Another area where AI is making an impact is through personalised pregnancy support. AI-powered virtual assistants and chatbots are increasingly being used to provide pregnant women with tailored health advice, symptom tracking, and reminders for antenatal visits or medication. These platforms also monitor symptoms like high blood pressure or swelling and recommend when medical attention is necessary. This personalized, ongoing support is especially valuable in areas with limited access to healthcare providers. Similarly, AI-based imaging tools have been developed to monitor placental health, a key factor in preventing complications such as intrauterine growth restriction (IUGR) and preterm birth. AI models can analyse placental images, detecting abnormalities and allowing for early intervention to better manage high-risk pregnancies.
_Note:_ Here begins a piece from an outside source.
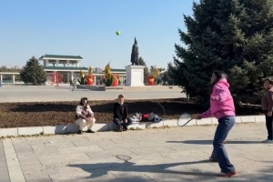 前美网冠军拉杜卡努回沈阳探亲,在公园与大妈打起网球
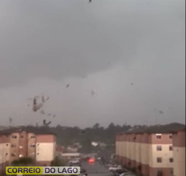Nas imagens, é possível ver o avanço do tornado e a destruição provocada em poucos instantes. Partes de telhados de residências são arrancadas e chegam a voar pelo céu, evidenciando a intensidade dos ventos que atingiram a região. O registro chama a atenção pela violência do fenômeno e pelo cenário de destruição formado rapidamente.

Wearable devices equipped with AI are another exciting development in maternal health. These devices, which include smartwatches and patches, monitor the vital signs of both mother and baby, tracking metrics such as blood pressure, heart rate, sleep patterns, and activity levels. AI analyses this data in real-time to detect potential issues like high blood pressure or irregular foetal heartbeats, enabling timely interventions even in remote areas. Additionally, AI models are being used to reduce unnecessary caesarean sections by providing obstetricians with real-time recommendations based on a woman's medical history, labour progress, and foetal conditions. This helps ensure that caesarean sections are only performed when absolutely necessary, reducing the risk of complications from unnecessary surgeries.

Radiology

Imaging data plays a critical role in gynaecological disease diagnosis, treatment, and monitoring, and AI-enabled image analysis is emerging as a transformative tool in this field. One of the most challenging aspects of imaging data analysis is object recognition. Computer science has made significant advancements in this area, evolving from early achievements in recognising handwritten digits in the 1990s (LeCun et al., 1998) to the development of advanced neural networks. A notable example is the ImageNet project, which provided a massive dataset for researchers to train their algorithms, leading to significant improvements in classification accuracy(Deng et al., 2009). By 2015, Microsoft's ResNet achieved a remarkable error rate of 3.5% on the ImageNet dataset, outperforming the human benchmark of 5.1%(He et al., 2016). Since then, many deep learning (DL) models have surpassed the 5% error rate, demonstrating the effectiveness of neural networks in image pattern recognition.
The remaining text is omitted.